Peter Ulrich

Pathways and Dawns

by Ben Varkentine


Pathways and Dawns, the first solo album by former Dead Can Dance percussionist Ulrich, is largely as percussive as one would expect. What may come as more of a pleasant surprise is how melodic the album is and Ulrich’s gift for an evocative lyrical metaphor. In “Always Dancing”, for example, he gives us the line “In photographs I hear your song”, and “Life Amongst the Black Sheep”, which I first heard as part of the Orphee compilation, retains it’s melodic power here.
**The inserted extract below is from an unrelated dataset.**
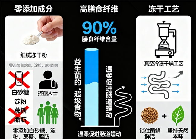 纯净配方,温柔呵护:指尖捻起一勺细腻的冻干粉,林岚强调它的纯粹:“零添加白砂糖、淀粉、蔗糖、脂肪,对控糖人士和追求纯净补充的人群太友好了。高达90%的膳食纤维含量,不仅是益生菌的‘超级食物’,更温柔促进肠道蠕动。”真空冷冻干燥工艺锁住的不仅是菌的鲜活,更是一份对天然本味的坚持。

On the other side of the coin, however, this is a pretty programmed-sounding album which could have benefited from a lighter touch at the sequencer and especially the drum machine. The aforementioned “Always Dancing” suffers from the airless sound of the percussion and overly repetitive guitar figure (played by Brendan Perry, also of DCD, who produced and arranged the album). It’s not the programming and sequencing I object to, but there is a way to use these elements without sounding so much like a demo. “Nocturne”, for example is a much lovelier mix of the same elements. The tracks on this album were recorded seven years apart, with two dating from the beginning of the ‘90s and the rest from the last years of the decade. It shows most on “Evocation”, which sounds like the work of someone who just lived through the ‘80s: a great beat, and a chanted lyric wishing one’s spirit to free them from “the chains of order, clear my path through weeds of turmoil, guide me to the shores of insight”. Here as throughout the CD, there is a mixture of the Celtic and synthesized sound that suggests the inner life of a modern man.

cover art

Peter Ulrich

Pathways and Dawns


I’ve praised Ulrich’s lyrics for the thoughts they conjure. They are also, at times, full of the kind of wet, sensitive new-age guy jargon we nearly drowned in during the ‘80s, yet presented with real charm and at least a half-grasp of maturity. Still, for all Ulrich’s lyrical gifts, the single most impressive track here is the instrumental (but for some wordless backing vocals) “Journey of Discovery”, which builds from a sequence of bell sounds into a sweeping track that recalls Tony Banks’s work, with and without Genesis.

I seem to have on the other handed a lot so far in this review. Perhaps it is because this is so much an almost-but-not-quite album. Here’s another hand: Though the album is limited by it’s instrumental reliance on programs and sequencers, it also has more exotic touches: When was the last time you heard a contemporary CD with a hurdy gurdy on it?

Ulrich is a real talent, but it seems to me he needs to find other collaborators (even, perhaps, his own band) to flesh out his sound or a producer who can get a better use out of programs and sequences.